Gregory Kennedy, IO columnist. Image: IO.
Chronique
Opinion

Regulators watch too many sci-fi movies

Expecting firms covered by DORA to possess the skills, time, and capacity to function as ICT experts is yet another regulatory demand that offers little in terms of investor protection. The added layers of control imposed on investment firms are poised to escalate costs far more than they bolster safeguards.

In order to ensure operational resilience, firms will be required to conduct due diligence across their entire supply network, extending even to the subcontractors of their suppliers. Considering that 90% of firms in Luxembourg outsource a portion of their operations, this presents a monumental challenge.

Investment firms predominantly outsource ICT services either within their group or to third-party providers, which will significantly complicate their compliance with DORA. Particularly noteworthy is DORA›s mandate for the monitoring of group ICT services to match that of third-party services.

Now, let’s dissect the 5 core pillars of DORA:

1.    ICT Risk Management:
DORA›s primary objective is to ensure that firms meticulously document, monitor, and consistently enhance their ICT infrastructure. Due to a dearth of in-house expertise, most firms will resort to outsourcing to meet these requirements, leading to a surge in demand for consultants but minimal improvement in ICT capabilities.

2.    ICT Related Incident Reporting:
Regulators anticipate regular reporting from firms regarding ICT-related issues, expecting firms to maintain a detailed log of such incidents and classify them according to criteria outlined in DORA. This poses a significant challenge for teams already stretched thin by existing reporting obligations.
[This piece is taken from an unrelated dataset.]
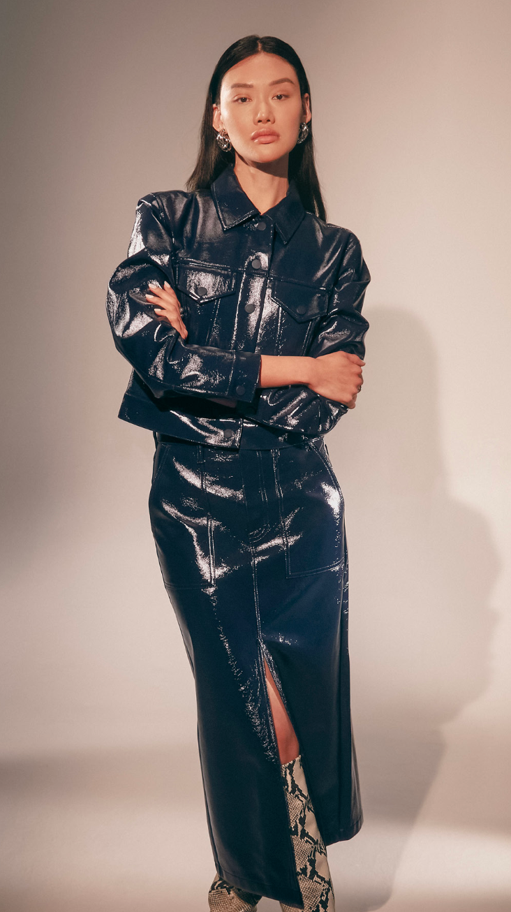 Soft vegan leather, fun vinyl and coated denim to give you an elevated look this season.

3.    Digital Operational Resilience Testing:
Essentially, firms are mandated to rigorously test their ICT systems through exercises such as penetration tests, commonly known as Red/Purple team assessments. This level of capability is likely to exceed the capabilities of most firms and will consequently be outsourced.
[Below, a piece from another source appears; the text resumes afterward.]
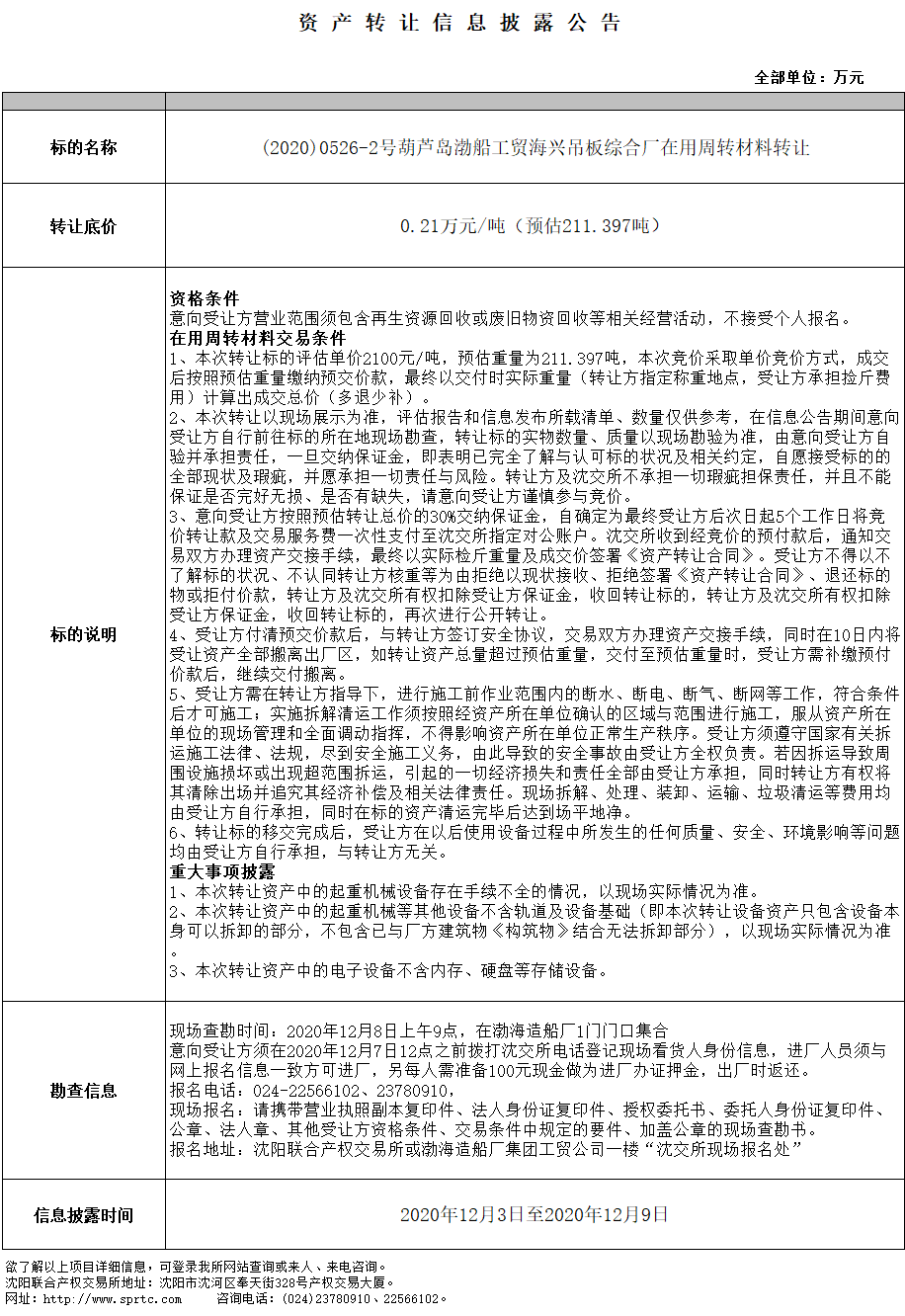(2020)0526-2號葫蘆島渤船工貿海興吊板綜合廠在用周轉材料轉讓

4.    ICT Third-Party Risk:
Given that the bulk of firms outsource their IT operations—such as hosting infrastructure on Microsoft Azure cloud—the expectation is that they monitor their IT providers. However, it remains unclear how such assessments will effectively identify potential issues.
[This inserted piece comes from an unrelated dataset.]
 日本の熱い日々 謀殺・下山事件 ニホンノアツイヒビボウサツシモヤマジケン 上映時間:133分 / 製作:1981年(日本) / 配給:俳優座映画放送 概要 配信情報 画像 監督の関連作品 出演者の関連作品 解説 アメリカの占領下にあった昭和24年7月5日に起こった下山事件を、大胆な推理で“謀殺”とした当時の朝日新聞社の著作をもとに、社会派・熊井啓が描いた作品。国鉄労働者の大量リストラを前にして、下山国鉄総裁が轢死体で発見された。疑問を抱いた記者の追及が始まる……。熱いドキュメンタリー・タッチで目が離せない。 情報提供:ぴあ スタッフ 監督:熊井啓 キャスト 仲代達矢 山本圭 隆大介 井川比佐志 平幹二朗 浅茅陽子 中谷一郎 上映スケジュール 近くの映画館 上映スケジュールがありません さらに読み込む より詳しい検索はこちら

5.    Information Sharing (Optional):
Finally, DORA aims to foster information exchange among financial entities so they can collaborate in identifying and mitigating ICT issues. Given that firms often operate in competitive environments and ICT problems can tarnish reputations, the effectiveness of this initiative is uncertain.

DORA sets the unrealistic expectation that all investment firms, regardless of size, should become ICT experts, actively monitoring and testing their ICT processes. This demand is feasible only for the largest investment managers whose business models hinge on resilient ICT infrastructure.

At first glance, with the advent of cloud computing and artificial intelligence, it might seem plausible for a Conducting Officer to emulate Tom Cruise’s character in Minority Report, detecting issues within their ICT framework. However, such a scenario is highly improbable.

In essence, DORA will likely result in an upsurge of paperwork and reporting, with questionable gains in actual ICT and supplier resilience.

Gregory Kennedy is a columnist for Investment Officer Luxembourg. His columns appear every other week. He also works as a business development manager at Finsoft.lu.